▶ Work order:
Nothing but the lines from the start of the entries through the line holding "Beschreibung Spanien, Barcelona." is to be repeated, exactly and with pictures excluded.

(Stored data)

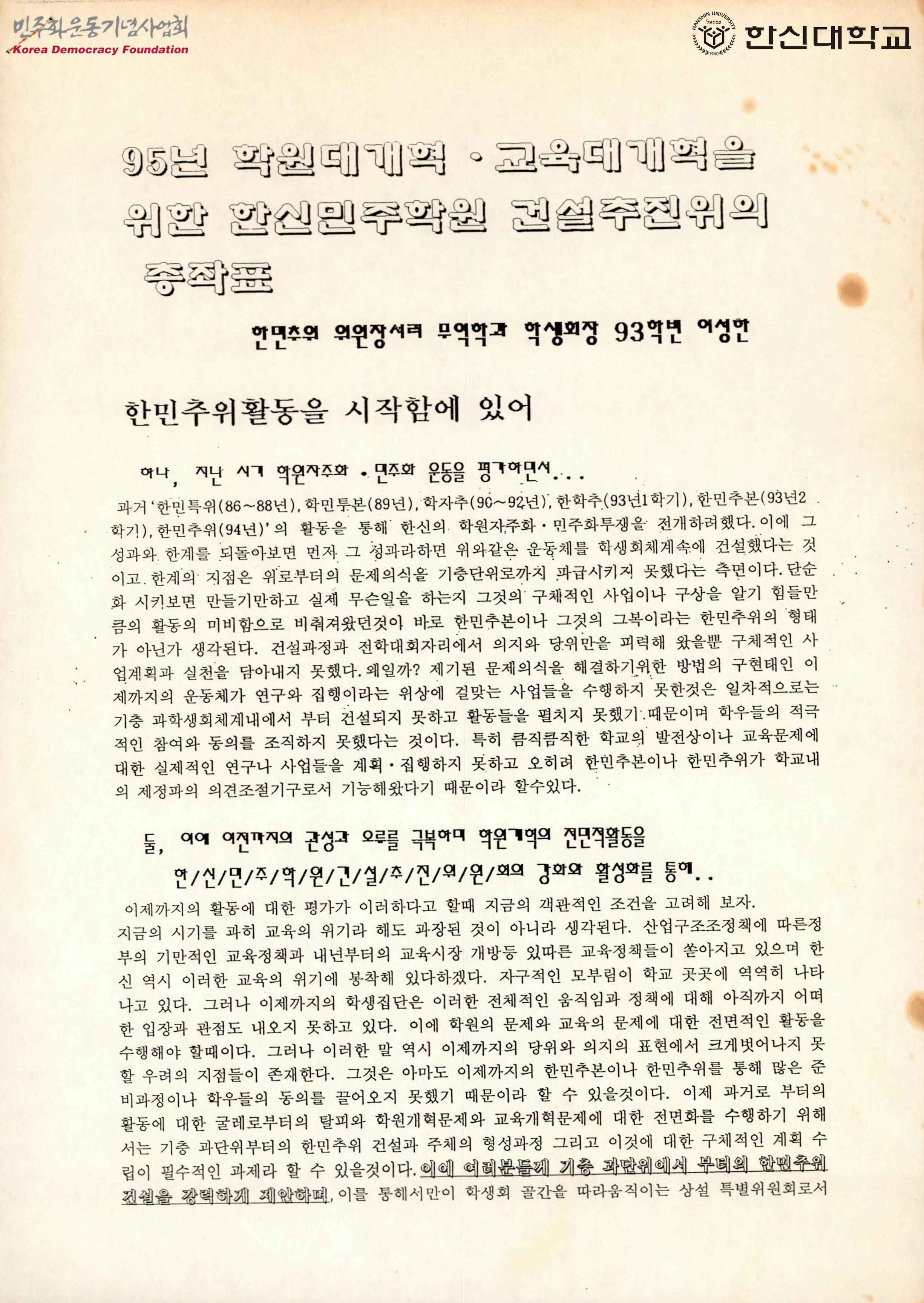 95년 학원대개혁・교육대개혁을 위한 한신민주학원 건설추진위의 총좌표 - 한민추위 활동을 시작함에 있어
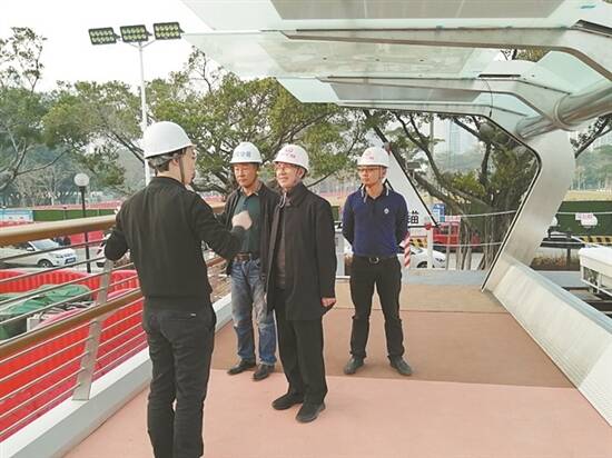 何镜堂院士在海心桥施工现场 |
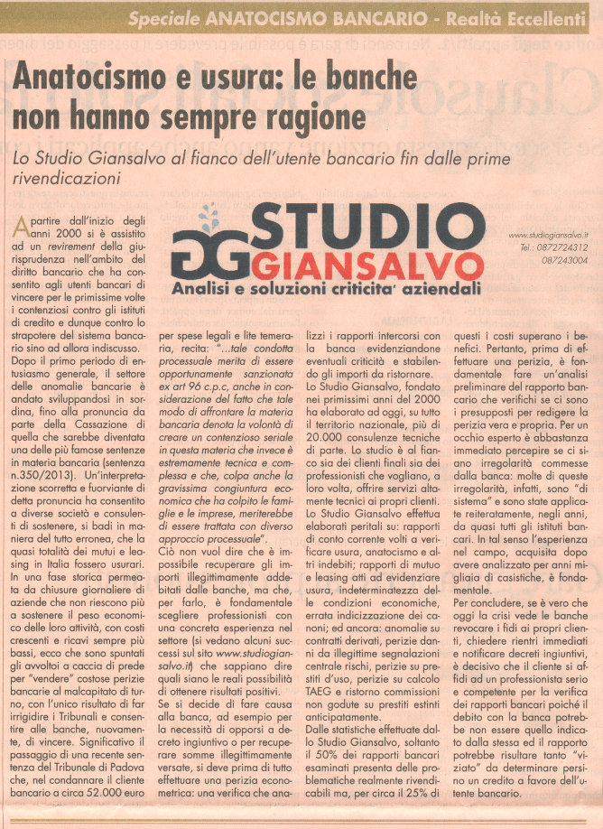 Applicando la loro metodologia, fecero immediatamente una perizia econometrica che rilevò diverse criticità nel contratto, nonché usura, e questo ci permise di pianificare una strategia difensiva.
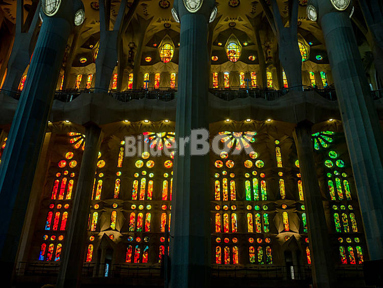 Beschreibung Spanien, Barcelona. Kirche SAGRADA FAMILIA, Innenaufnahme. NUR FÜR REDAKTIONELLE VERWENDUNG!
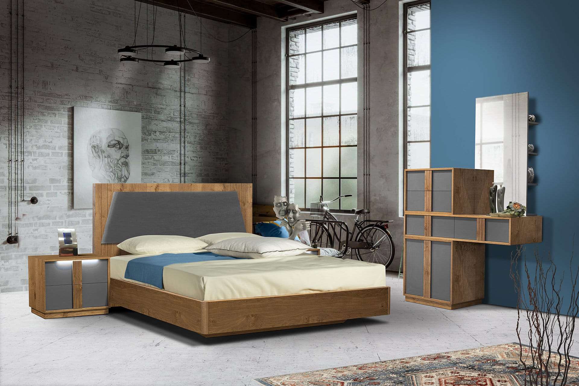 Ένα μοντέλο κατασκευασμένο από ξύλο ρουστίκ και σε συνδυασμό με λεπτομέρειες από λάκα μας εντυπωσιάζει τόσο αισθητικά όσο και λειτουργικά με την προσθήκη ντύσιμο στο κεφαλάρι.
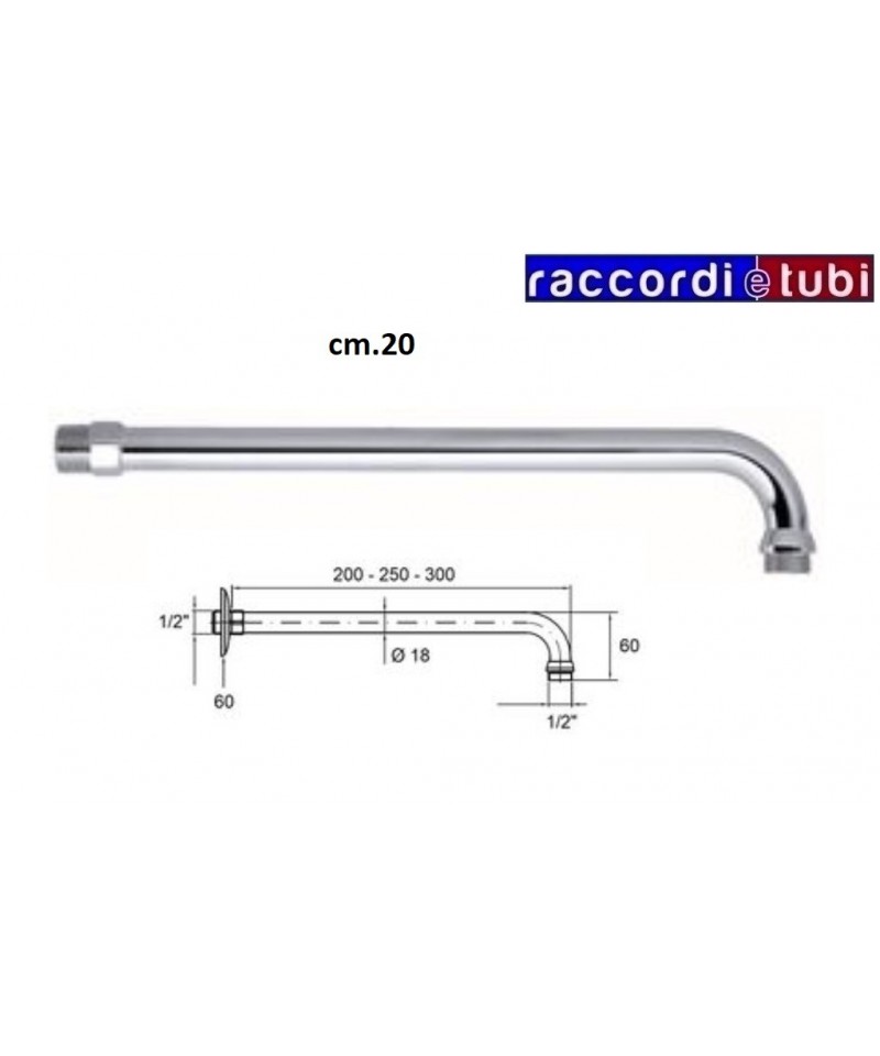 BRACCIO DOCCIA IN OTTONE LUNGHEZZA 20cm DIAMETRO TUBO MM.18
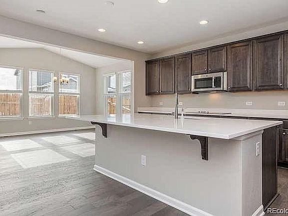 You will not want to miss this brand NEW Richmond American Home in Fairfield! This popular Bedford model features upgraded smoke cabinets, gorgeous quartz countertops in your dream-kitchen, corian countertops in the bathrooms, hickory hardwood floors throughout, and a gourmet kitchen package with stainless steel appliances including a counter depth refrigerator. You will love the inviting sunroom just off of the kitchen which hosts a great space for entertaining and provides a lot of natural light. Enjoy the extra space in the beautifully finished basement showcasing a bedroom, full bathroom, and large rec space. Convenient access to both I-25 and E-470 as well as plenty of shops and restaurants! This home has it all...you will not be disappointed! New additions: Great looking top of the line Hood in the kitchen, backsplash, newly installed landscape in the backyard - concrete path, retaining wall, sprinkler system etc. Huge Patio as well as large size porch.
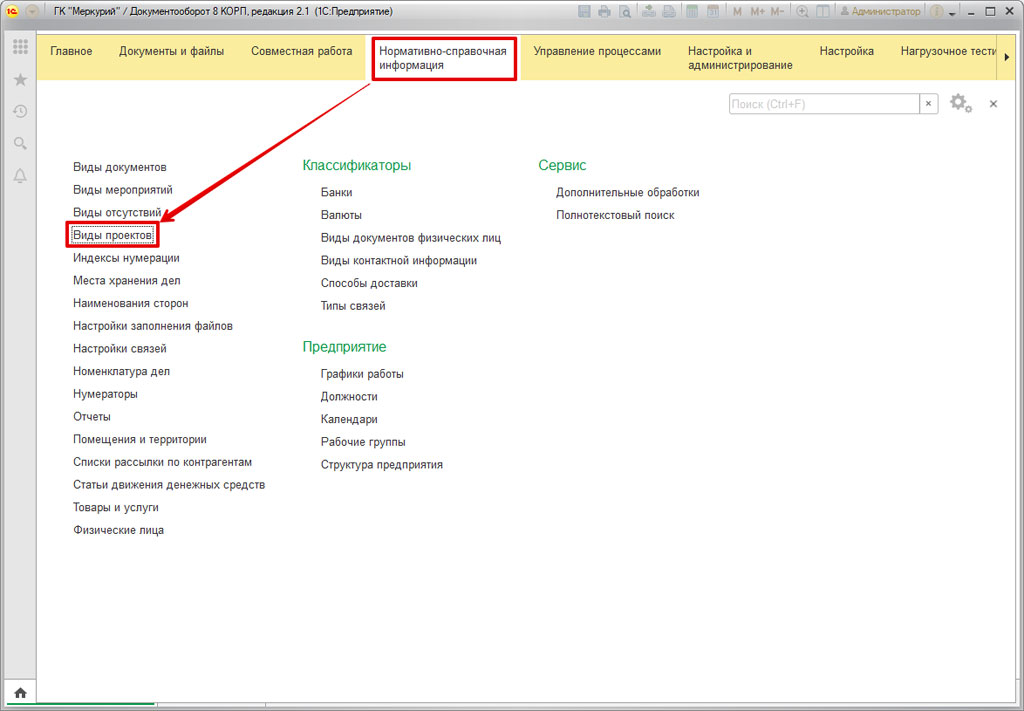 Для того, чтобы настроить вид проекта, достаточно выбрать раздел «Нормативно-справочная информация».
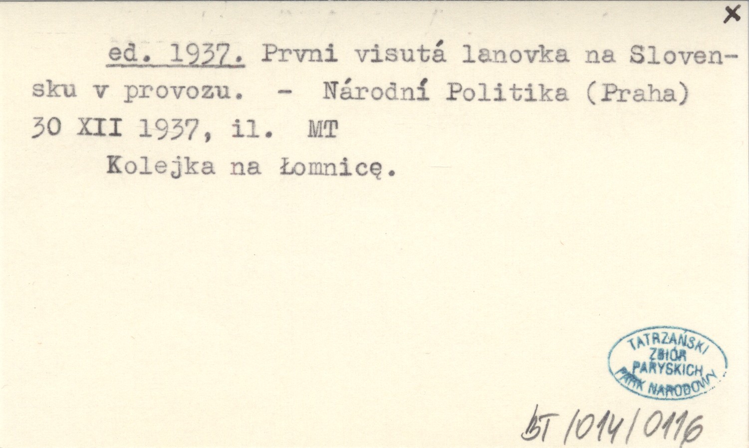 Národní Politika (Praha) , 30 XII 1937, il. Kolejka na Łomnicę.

▶ Output of the task:
 95년 학원대개혁・교육대개혁을 위한 한신민주학원 건설추진위의 총좌표 - 한민추위 활동을 시작함에 있어
 何镜堂院士在海心桥施工现场 |
 Applicando la loro metodologia, fecero immediatamente una perizia econometrica che rilevò diverse criticità nel contratto, nonché usura, e questo ci permise di pianificare una strategia difensiva.
 Beschreibung Spanien, Barcelona. Kirche SAGRADA FAMILIA, Innenaufnahme. NUR FÜR REDAKTIONELLE VERWENDUNG!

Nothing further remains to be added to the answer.